Reporters Marshall Zelinger and Antonia Velez from KUSA-TV Denver investigated early results of this new policy at Metropolitan State University of Denver. On December 21, 2023, the university emailed 3,900 students who had stopped out of a bachelor’s program up to ten years before the current semester but had earned at least 70 credits before stopping out. As of January 5, 2024, of the first 700 former students to open the email, 311 (44%) opted to receive an associate degree, and more than 120 (18%) asked for more information about returning to the university to get back on track for their bachelor’s.

Recently, the University of Colorado Denver awarded nearly 70 associate degrees to students who met the requirements of the board of regents’ newly approved associate of general studies degree programs at University of Colorado Colorado Springs and University of Colorado Denver.

Why do these retro awards matter? The research data have fueled interest in retro degrees because workers with associate degrees earn more than those with just a high school diploma. Associate degrees have value, yet many students who have acquired the learning equivalent to an associate degree are unaware of that fact. And until recently, there has been no way to award them the degree.

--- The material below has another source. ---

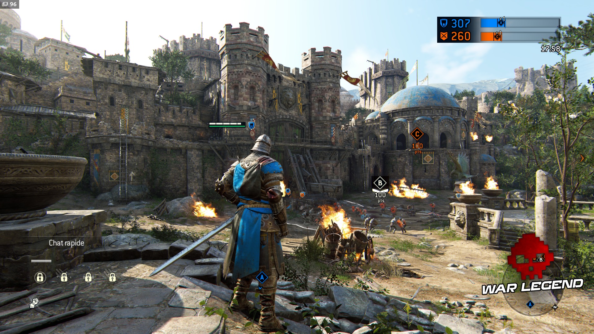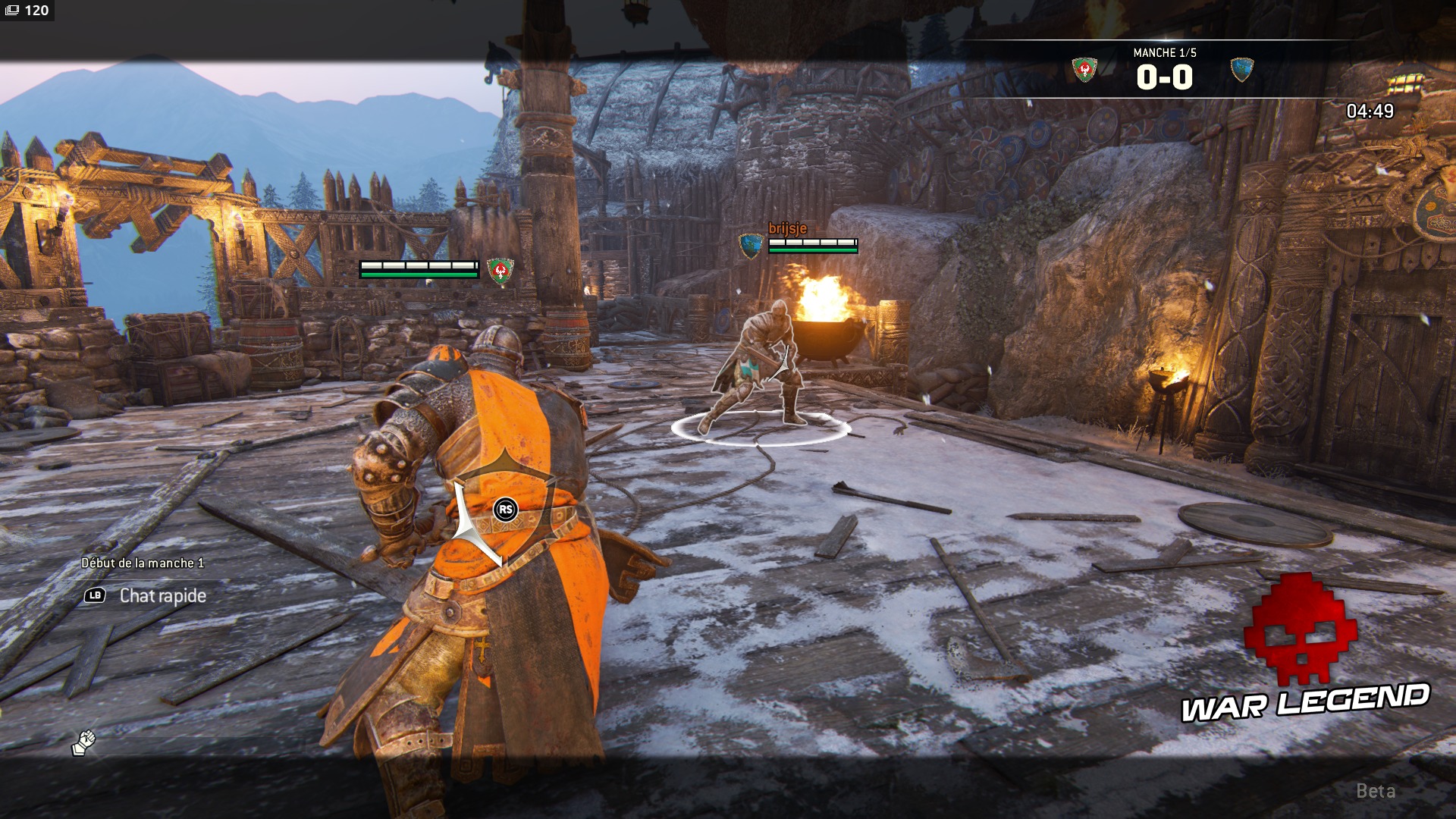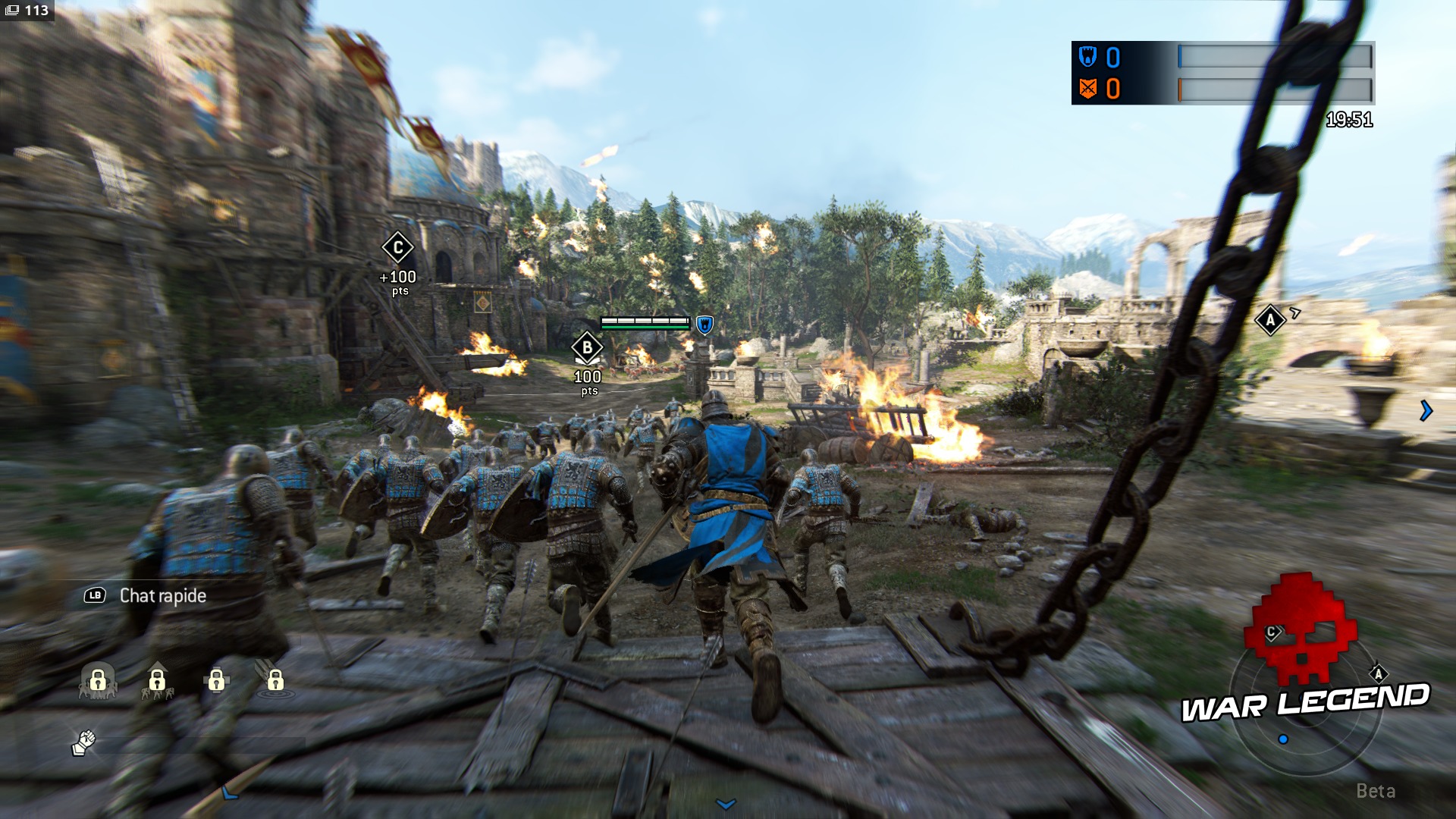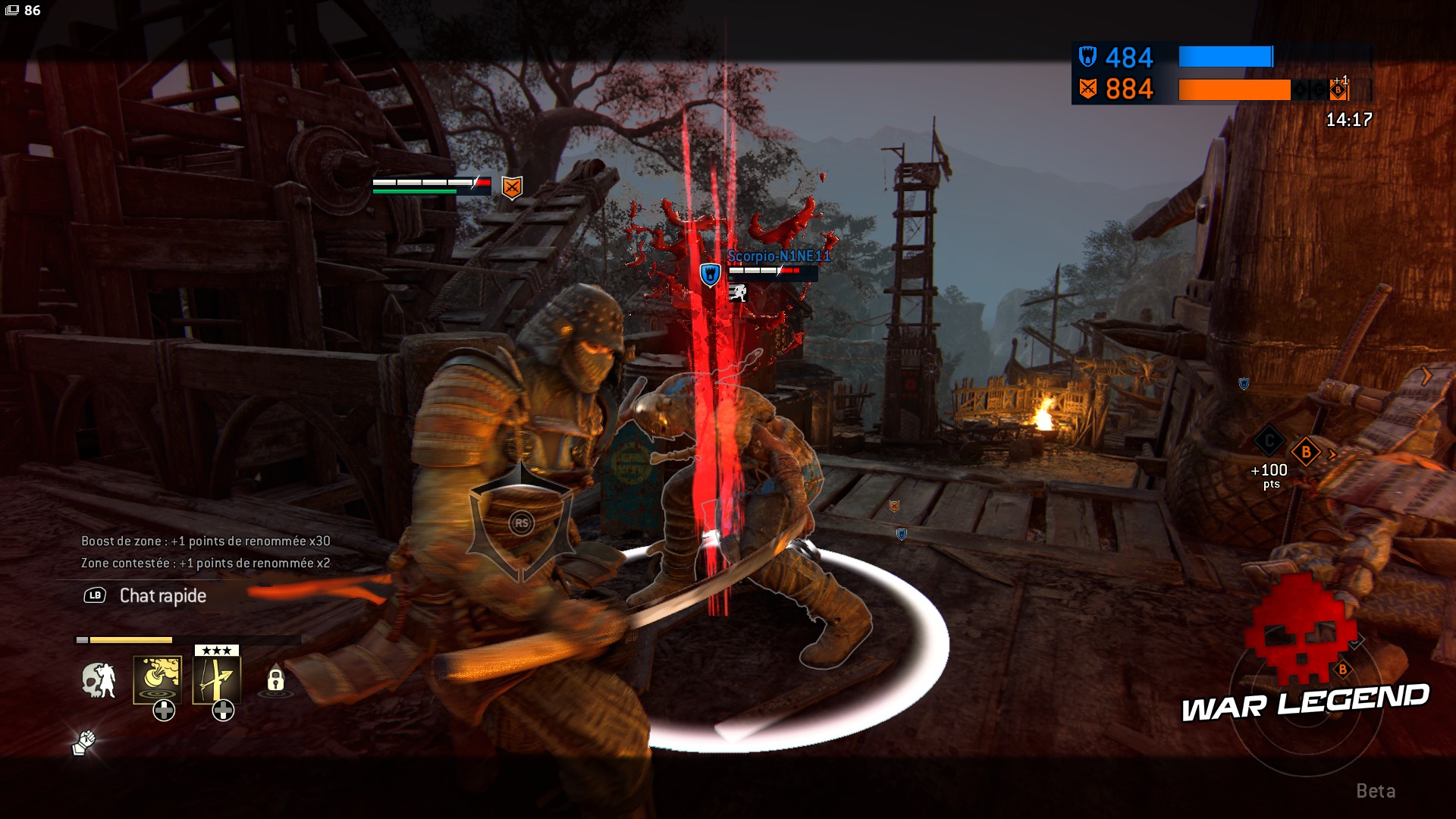 For Honor compte trois modes de jeu : 1v1, 2v2 et Dominion en 4v4. Le mode principal est le Dominion, un mode capture avec trois points d’intérêt, dont le no man’s land constitue le théâtre de PNJs qui se foutent sur la tronche. Tailler dans le lard permet à votre équipe de renforcer son contrôle sur la zone centrale. De plus, les fantassins de votre équipe représentent une bonne solution pour handicaper un adversaire en plein combat afin de gagner un avantage. Une fois l’objectif de score atteint, il faudra éliminer entièrement l’équipe adverse une dernière fois pour confirmer sa victoire, ce qui permet un dernier retour potentiel de la part des défenseurs. Ce n’est ni trop bordélique, ni pas assez. Les PNJs mériteraient en revanche d’être plus dangereux et un peu plus utiles : ils se content de gêner légèrement l’adversaire. En mode Dominion uniquement, votre personnage aura accès à des compétences à choisir en début de partie, comme un soin d’urgence ou un projectile pour gratter de la vie gratuitement à l’adversaire. Elles sont le seul véritable point faible du gameplay, car la majorité ne sont pas intéressantes ou n’apportent pas grand-chose.

Thankfully, that is changing. Pathways to meaningful credentials are widening. Colorado’s groundbreaking CORE legislation is enabling recognition of significant learning for many students attending the state’s four-year institutions. We have much to learn from Colorado about fairness—to students who start at community colleges and who start at four-year institutions—and they all deserve recognition for their learning at key increments along the way to help them achieve success in their education and career journeys.